Changing the Order of Lines
The next step is to actually flip the first and second lines of each three-line sequence so that the link appears before the title. This sounds fairly daunting, but it turns out that it's a perfect job for awk., a simple interpreted programming language that's been included with Unix since the very beginning of the Operating System You could certainly use Perl for this too, though if you were going to crack open a Perl script, you'd probably just write this entire script in Perl. But that wouldn't be any where near as interesting as a nice handy shell script, would it?
So here's another version of the script, but with the necessary awk syntax tucked in so we can change the order of lines in the output stream:
#!/bin/sh
# Get the latest Linux news from LinuxWorld.com
url="http://www.linuxworld.com/topic_content/c_news.rss"

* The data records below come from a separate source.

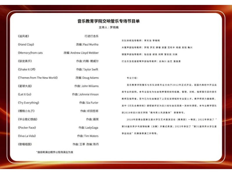 “乐动蓉城·仲夏音乐节”今年会jinnian官网2024年艺术展演季系列活动拟定于2024年6月12日启动,本活动由今年会jinnian官网、成都音乐坊主办。音乐教育学院承担了此次活动的两场表演任务,其时间为2024年6月19日与6月28日的19:00开始,地点:城市音乐厅黑胶广场。
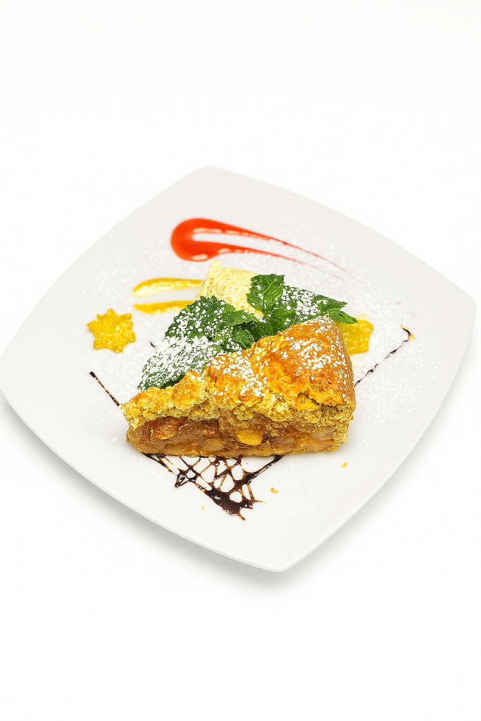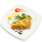 ☻ pasirinktinai su šokoladiniu padažu, su karamele ir riešutais arba braškių padažu.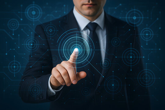Digital Interface: A modern business executive with sharp attire, engaging with a sophisticated digital interface, seamlessly navigates technological progress.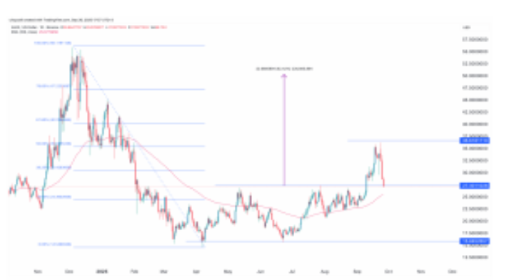 分析师目前将50美元视为关键阻力位,较当前水平上涨82%。然而,跌破20美元可能使这一看涨预测无效,使27美元的支撑区域成为维持动能的关键。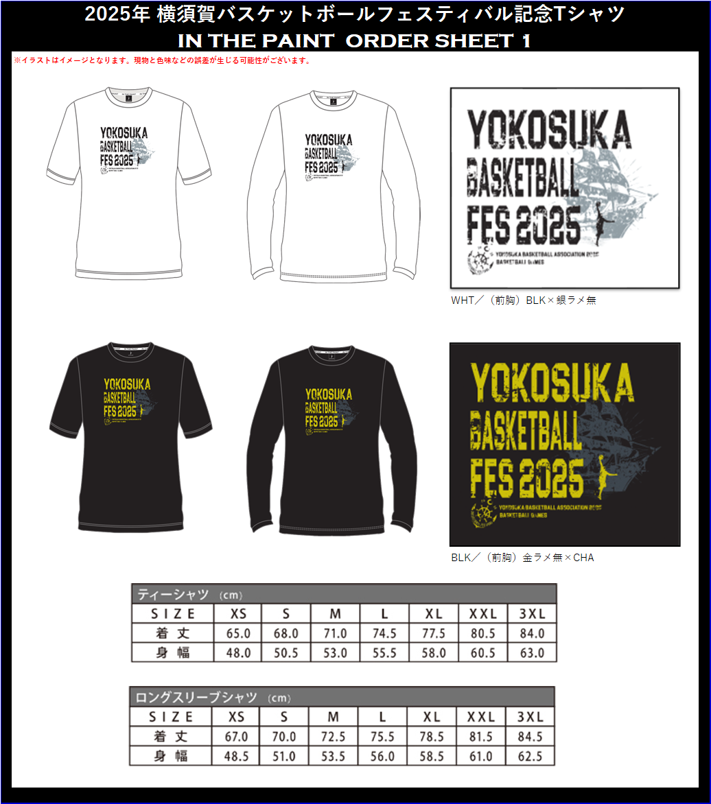 2025協会フェスティバル 記念Tシャツ 販売 横須賀バスケットボール協会ホームページより転載。どなたでも申し込み可能です。 <注文方法 抜粋>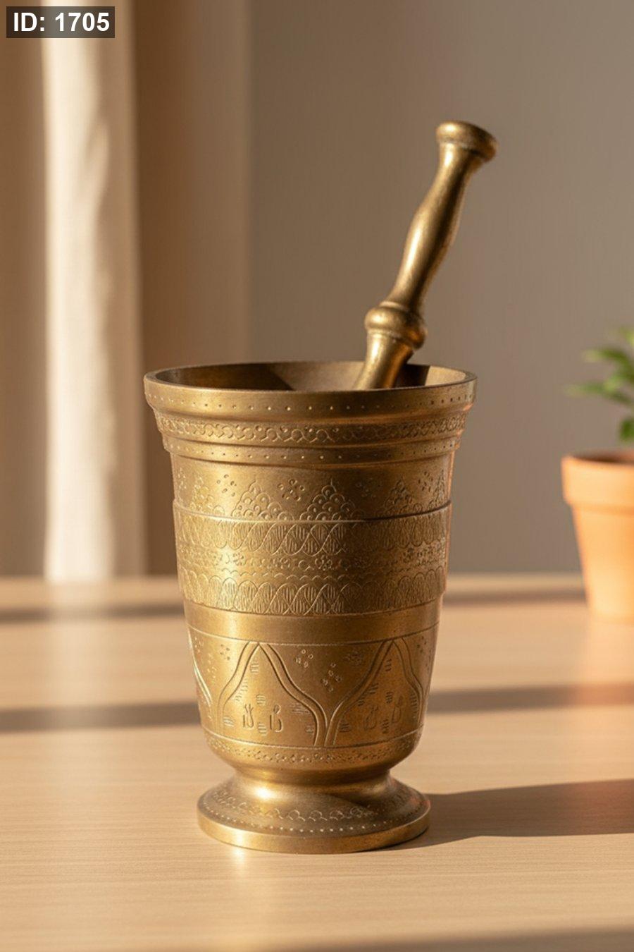 مدقّة نحاسية منقوشة يدويًا بتصميم عربي تراثي أصيل، تجمع بين اللمسة الكلاسيكية والفخامة المعدنية، مثالية لديكور الصالون أو ركن الضيافة العربي.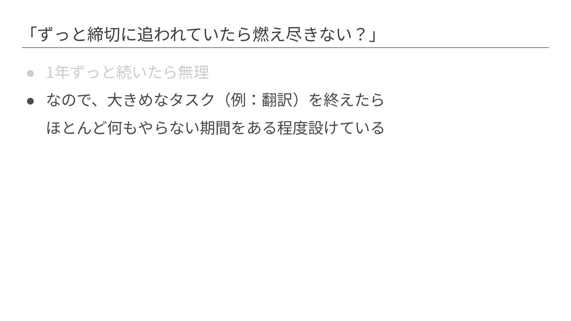 「ずっと締切に追われていたら燃え尽きない?」 • 1年ずっと続いたら無理 • なので、⼤きめなタスク(例:翻訳)を終えたら ほとんど何もやらない期間をある程度設けている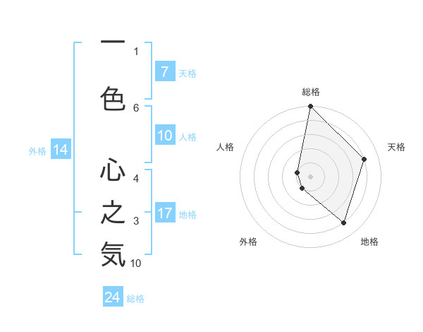 一色 心之気さんの総格は24画の5点!
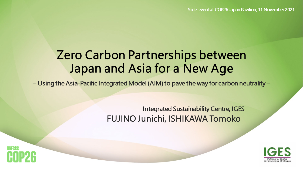 COP26 Japan pavilion side event "Zero Carbon Partnerships between Japan and Asia for a New Age – Using the Asia-Pacific Integrated Model (AIM) to pave the way for carbon neutrality–"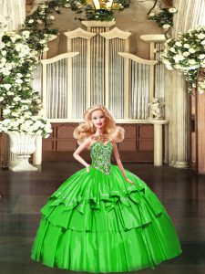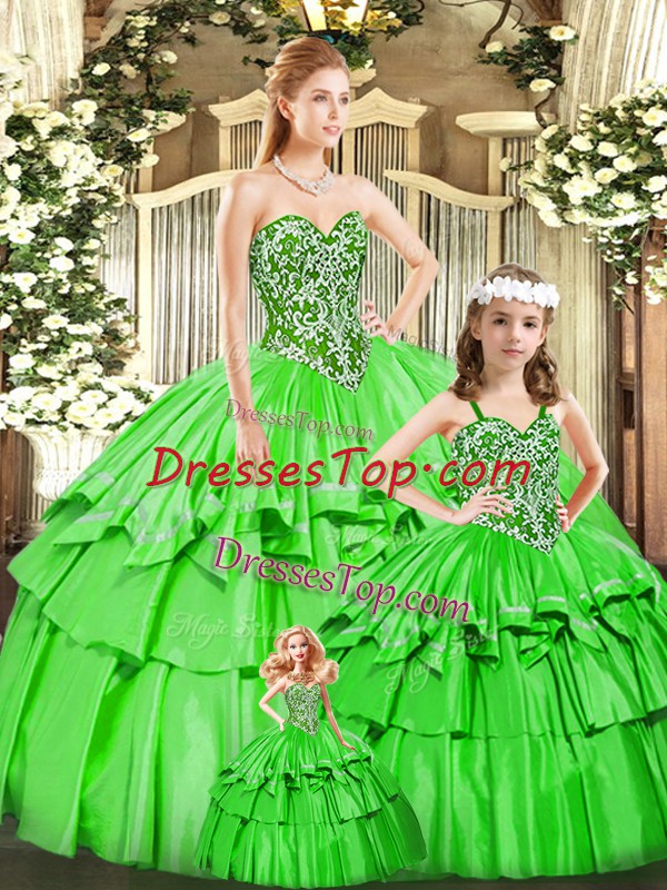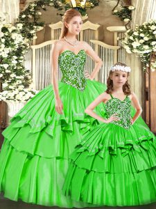 Delicate Green Lace Up Sweetheart Beading and Ruffled Layers Sweet 16 Quinceanera Dress Organza Sleeveless

temp="/tmp/$(basename $0).$$" ; trap "/bin/rm -f $temp" 0
cat << "EOF" > $temp
{ if (NR % 3 == 1) {
title=$0
} else if (NR % 3 == 2) {
link=$0
} else {
print link; print title ; print $0
}
}
EOF
/usr/bin/curl --silent "$url" | \
grep -E '(<title|<link|<desc)' | \
sed -n '4,$p' | \
awk -f $temp
This is really close to the final format, believe it or not. Here's the output, you can see for yourself:
$ sh get-linuxworld-news.sh | head -3
<link>http://www.linuxworld.com/story/43917.htm</link>
<title>Flash To be Ported to Linux?</title>
<description>Hard on the heels on the Linux version of Flash Player, the free player for displaying Flash content, and Linux flavors of several server applications, Macromedia is contemplating a more comprehensive move toward Linux, said its chief software architect this week - starting, he thinks, with Flash MX.</description>
All that's left is to turn the XML tags into HTML tags, which can be done with sed in a much more traditional and typical application of the utility:
/usr/bin/curl --silent "$url" | \
grep -E '(<title|<link|<desc)' | \
sed -n '4,$p' | \
awk -f $temp | \
sed -e 's/<link>/<li><a href="/' -e 's/<\/link>/">/' \
-e 's/<title>//' -e 's/<\/title>/<\/a><br>/' \
-e 's/<description>//' -e 's/<\/description>/<\/li>/'
The result of this updated script is almost exactly what I'd like:
$ sh get-linuxworld-news.sh | head -3
<li><a href="http://www.linuxworld.com/story/43917.htm">
Flash To be Ported to Linux?</a><br>
Hard on the heels on the Linux version of Flash Player, the free player for displaying Flash content, and Linux flavors of several server applications, Macromedia is contemplating a more comprehensive move toward Linux, said its chief software architect this week - starting, he thinks, with Flash MX.</li>
The only problem here is that we need to add a <ul> to the top and a </ul> to the bottom, which is easily done with two additional echo statements. Put it all together and here's the final script:
#!/bin/sh
# Get the latest Linux news from LinuxWorld.com
url="http://www.linuxworld.com/topic_content/c_news.rss"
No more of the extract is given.